Travelodge can sleep tight as it wins CVA deal
BUDGET hotel chain Travelodge has been saved from the brink of administration after landlords yesterday agreed to a controversial rescue deal that sees their rent takings slashed.
The company voluntary arrangement (CVA) – voted through by 97 per cent of creditors and 96 per cent of landlords – allows Traveldoge to offload 49 of its 500 hotels and pay 55 per cent less rent until they are sold.
Landlords at a further 109 hotels have agreed to cut rents by 25 per cent for three years before they revert to a market-based rent.
KPMG, which arranged the CVA, said creditors will receive a return of 23.4p in the £1, versus the 0.2p in the £1 if the business had been forced into administration.
The group’s main lenders – US hedge funds GoldenTree Asset Management and Avenue Capital Group plus Goldman Sachs – have agreed to write off £709m in debt as a result of the deal.
They have also pledged to invest £75m, of which £55m will be spent on refurbishing some 175 hotels.
The chain, which posted a 20 per cent profit rise last year, has had no problem attracting customers but its £1bn debts brought it to its knees.
Its trio of lenders recently seized control of the hotelier via a debt-for-equity swap with its previous owners Dubai International Capital, who paid £675m for Travelodge in 2006 in a highly leveraged deal.
The company is the latest in a string of household names to seek a CVA including Fitness First and JJB Sports.

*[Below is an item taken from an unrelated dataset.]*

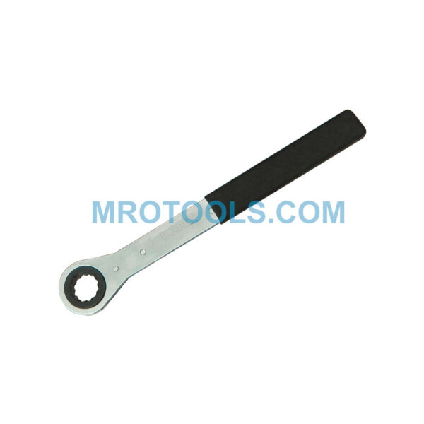 Lang flat ratcheting box wrench 12 point, large, metric. Socket Size: 23mm Point Size: 12 Width: 1 15/16” Thickness: 9/16” Overall Length: 12”
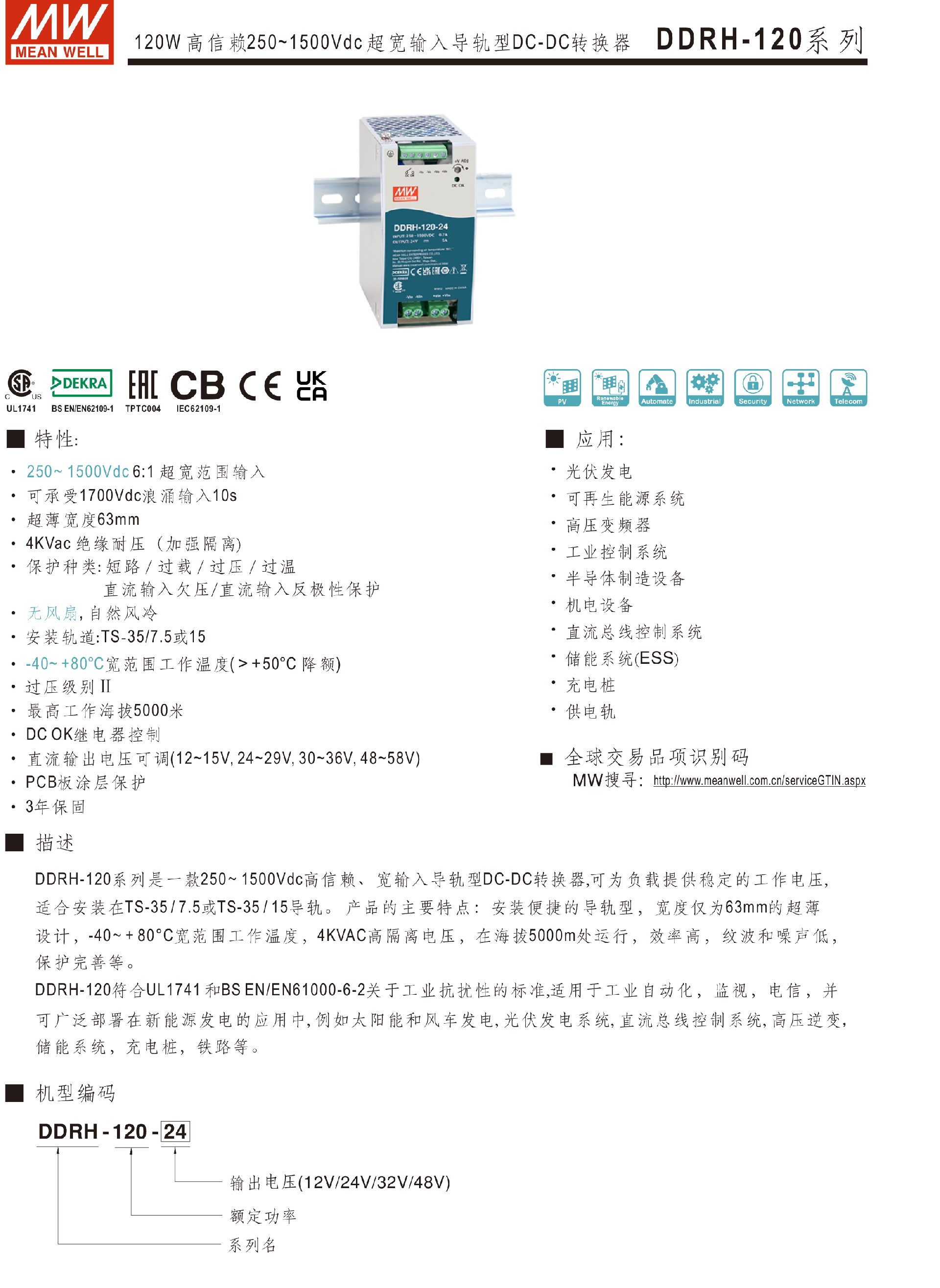 明纬电源DDRH-60系列150~1500Vdc超宽输入DC-DC转换器

Liz Peace, chief executive of the British Property Federation said yesterday’s deal will save around 6,000 jobs but warned of the wider impacts on the property sector: “If landlords now have to accept that a ‘contract’ entered into in good faith by both parties can simply be renegotiated when one side no longer likes the terms, it throws into doubt the whole basis on which a commercial property investment is appraised and financed.”